Tetra-penta-deca-hexagonal-graphene (TPDH-graphene) hydrogenation patterns: dynamics and electronic structure

TL;DR

This study explores the hydrogenation process of a novel 2D carbon allotrope, TPDH-graphene, revealing how hydrogen incorporation alters its electronic properties and induces unique structural features.

Contribution

It provides new insights into the hydrogenation dynamics and electronic structure modifications of TPDH-graphene using DFT and molecular dynamics simulations.

Findings

Hydrogen atoms predominantly bind to tetragonal rings (up to 80% at 300 K).

Hydrogenation creates narrow bandgaps and Dirac cone-like electronic features.

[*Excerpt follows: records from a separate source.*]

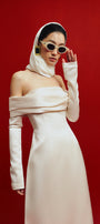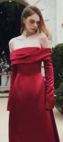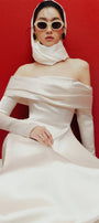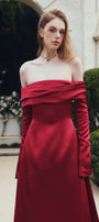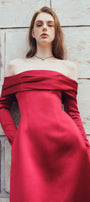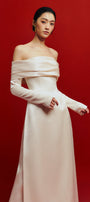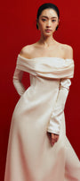Draped off-shoulder detail, Slit on the side, Waist dart
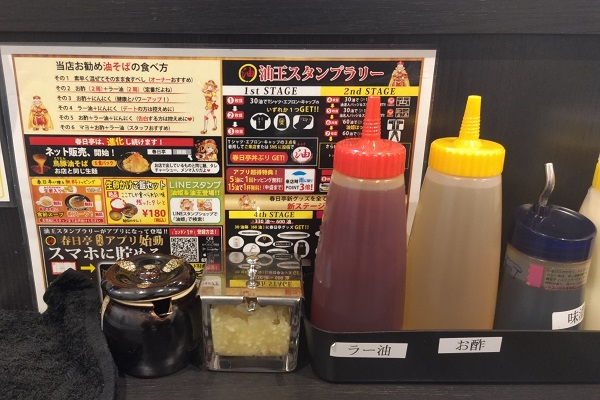 店内はカウンター席のみで9席ほどとこじんまりした造りです。カウンターには、辛味噌、刻みにんにく、ラー油、お酢、マヨネーズなどの調味料が並んでいます。
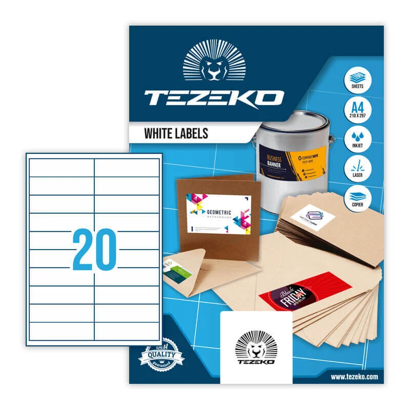 A Tezeko íves etikett címke használatával kiváló minőségű nyomtatási eredmény érhető el, mely 100%-ban kompatibilis minden típusú lézer vagy tintasugaras nyomtatóval és fénymásolóval. A gyártó kiemelt figyelmet fordít az otthoni/irodai nyomtatók védelmére, így egészen biztos nem kell ragasztó kifolyástól/maradványoktól tartania, melyek rátapadhatnak a felhasználás során a készülék alkatrészeire.
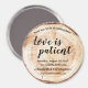A change of date might be needed for your wedding, no worries, send a New Save the Date announcement with these unique round magnets. Featuring a wood disc cut design that's sure to stand out. "Love is Patient" in a modern script for "Save your NEW date". Customize the words with the bride and groom's names, location, and wedding website (delete it if you don't need it).

Hydrogenation induces well-defined pentagonal carbon stripes.

Abstract

The advent of graphene has renewed the interest in other 2D carbon-based materials. Bhattacharya and Jana have proposed a new carbon allotrope, composed of different polygonal carbon rings containing 4, 5, 6, and 10 atoms, named Tetra-Penta-Deca-Hexagonal-graphene (TPDH-graphene). This unusual topology created material with interesting mechanical, electronic, and optical properties and several potential applications, including UV protection. Like other 2D carbon structures, chemical functionalizations can be used to tune their TPDH-graphene properties. In this work, we investigated the hydrogenation dynamics of TPDH-graphene and its effects on its electronic structure, combining DFT and fully atomistic reactive molecular dynamics simulations. Our results show that H atoms are mainly incorporated on tetragonal ring sites (up to 80% at 300 K), leading to the appearance of well-delimited pentagonal carbon stripes. The electronic structure of the hydrogenated structures shows the formation of narrow bandgaps with the presence of Dirac cone-like structures, indicative of anisotropic transport properties.